See Lodge Distrib. Co., 161 W. Va. at 605, 245 S.E.2d at 158. In addition to the
continuance of these interactions, the complaint’s allegations detail the various injuries and
associated damages the student suffered as a result of these encounters as required by the
injury element of a negligent retention cause of action. See McCormick, 202 W. Va. at
193, 503 S.E.2d at 506. Therefore, the Petitioners have stated a valid claim for negligent
retention in Count 6 of their complaint upon which relief may be granted. See W. Va. R.
Civ. P. 12(b)(6).
Finally, in dismissing the Petitioners’ negligent retention claim, the circuit
court found that “Plaintiffs [the Petitioners] fail to allege facts and conduct showing all
four (4) requirements in a negligence action: duty, breach, causation, and damages.”

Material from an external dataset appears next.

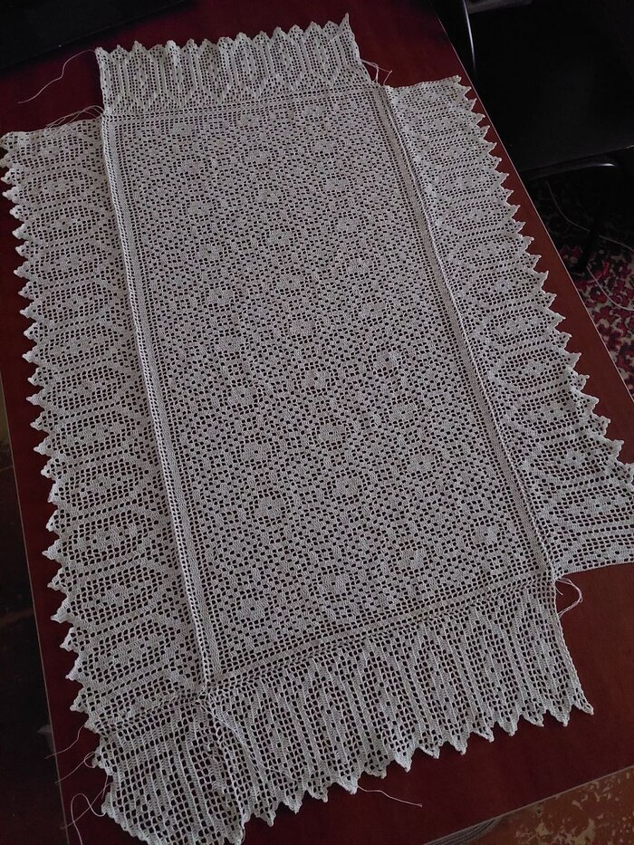 Когда основной прямоугольник закончен - приступила к подзорам. И тут я поняла, что я - не самый умный человек. Но я себя успокаиваю тем, что я не знала, как это делать. В общем: логичнее всего вязать скатерть единым полотном с подзорами по длинной стороне. Потом быстро провязать две короткие стороны и уголки. Но нет, я начала всё вязать отдельно. Мне кажется, что подзоры я вязала столько же, сколько и основное полотно.
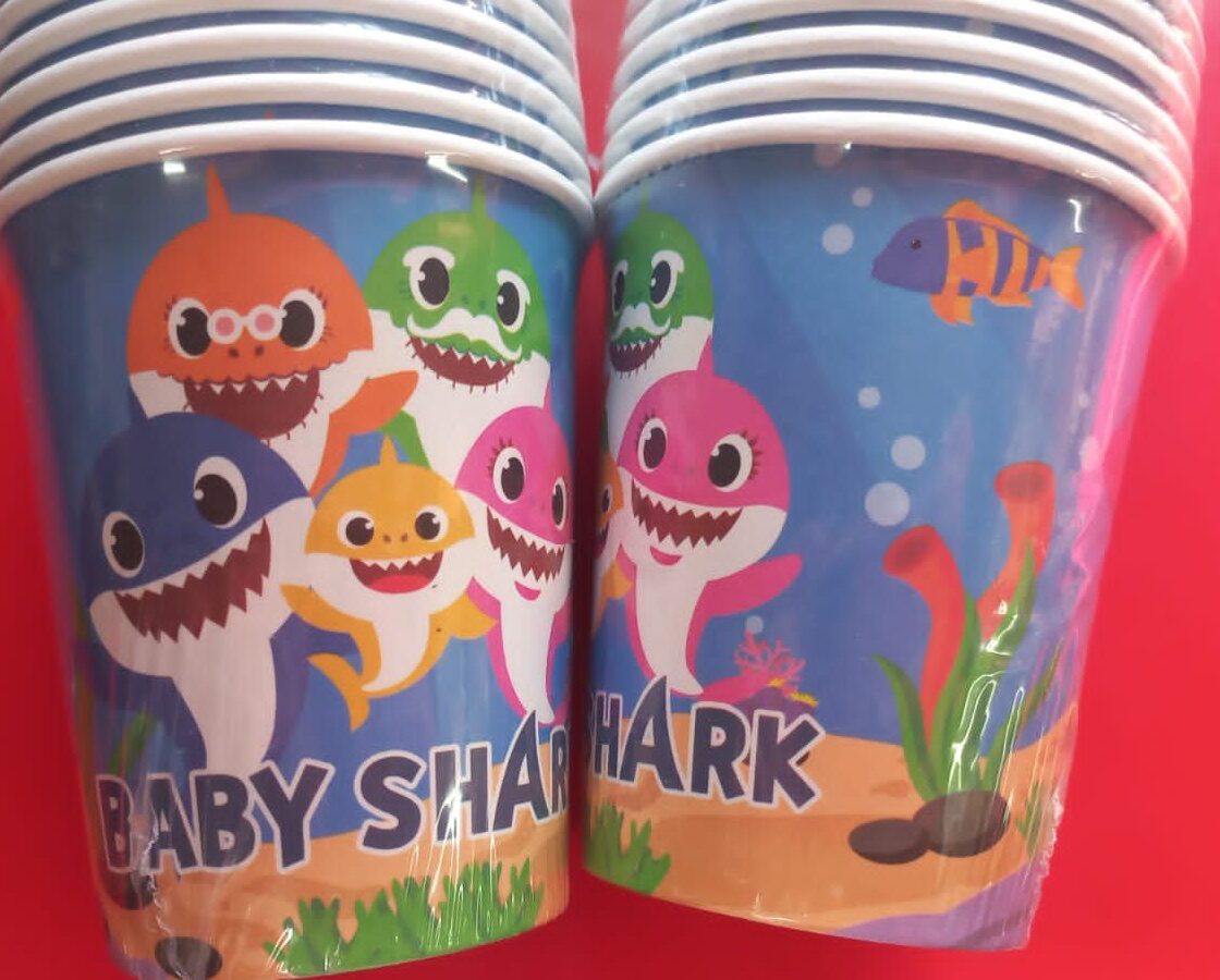 Baby shark paper cups. 10 Cups per pack. Simply add juice or other drinks.

However, we find that the facts pled in the complaint also establish the elements of a
general negligence cause of action based upon negligent retention, despite the circuit
court’s finding to the contrary. See Hersh, 232 W. Va. at 310, 752 S.E.2d at 341. In Count
6 of the Petitioners’ complaint, in which they include a claim against the Board for
negligent retention, the Petitioners claim that the Board had a duty to employ school
personnel who “demonstrat[e] appropriate behavior, treat[] others with civility and respect,
and refus[e] to tolerate harassment, intimidation or bullying.” Quoting W. Va. Code § 18-
2C-1 (eff. 2001). Further, the Petitioners claim that the Board breached this duty by
29
“vot[ing] to renew [the Assistant Principal’s] contract,” which allowed the Assistant
Principal to “continuously appear during [the student’s] lunch period to further intimidate,
harass, and bully [the student].” Finally, the Petitioners aver that, “[a]s a direct and
proximate result of Defendant HCBE’s [the Board’s] negligent . . . retention . . ., [the
student] suffered personal injuries and damages,” such as “suffering and mental anguish,
past and future lost enjoyment of life, past and future humiliation, embarrassment,
indignity, and shame[.]” Having set forth allegations in the complaint to establish the
elements of a general cause of action for negligence—duty, breach, causation, and
damages—the Petitioners have provided sufficient allegations in support of their negligent
retention claim to withstand the Board’s motion to dismiss and to sufficiently apprise the
Board of the nature of their claim for negligent retention. See W. Va. R. Civ. P. 8(a),
12(b)(6); Hersh, 232 W. Va. at 310, 752 S.E.2d at 341; Syl. pt. 2, Par Mar, 183 W. Va.
706, 398 S.E.2d 532; Chapman, 160 W. Va. at 538, 236 S.E.2d at 212.
Accordingly, we conclude that the Petitioners have stated a claim for
negligent retention sufficient to survive the Board’s motion to dismiss this claim, see
W. Va. R. Civ. P. 12(b)(6), and, thus, we reverse the circuit court’s order to the extent that
it dismissed the Petitioners’ negligent retention claim. We further remand this case for
reinstatement of that portion of Count 6 of the Petitioners’ complaint alleging a claim
against the Board for negligent retention.
30
IV.
CONCLUSION
For the foregoing reasons, we affirm, in part, and reverse, in part, the January
27, 2020 order of the Circuit Court of Harrison County and remand this case for further
proceedings consistent with this opinion.
Affirmed, in part; Reversed, in part; and Remanded with Instructions.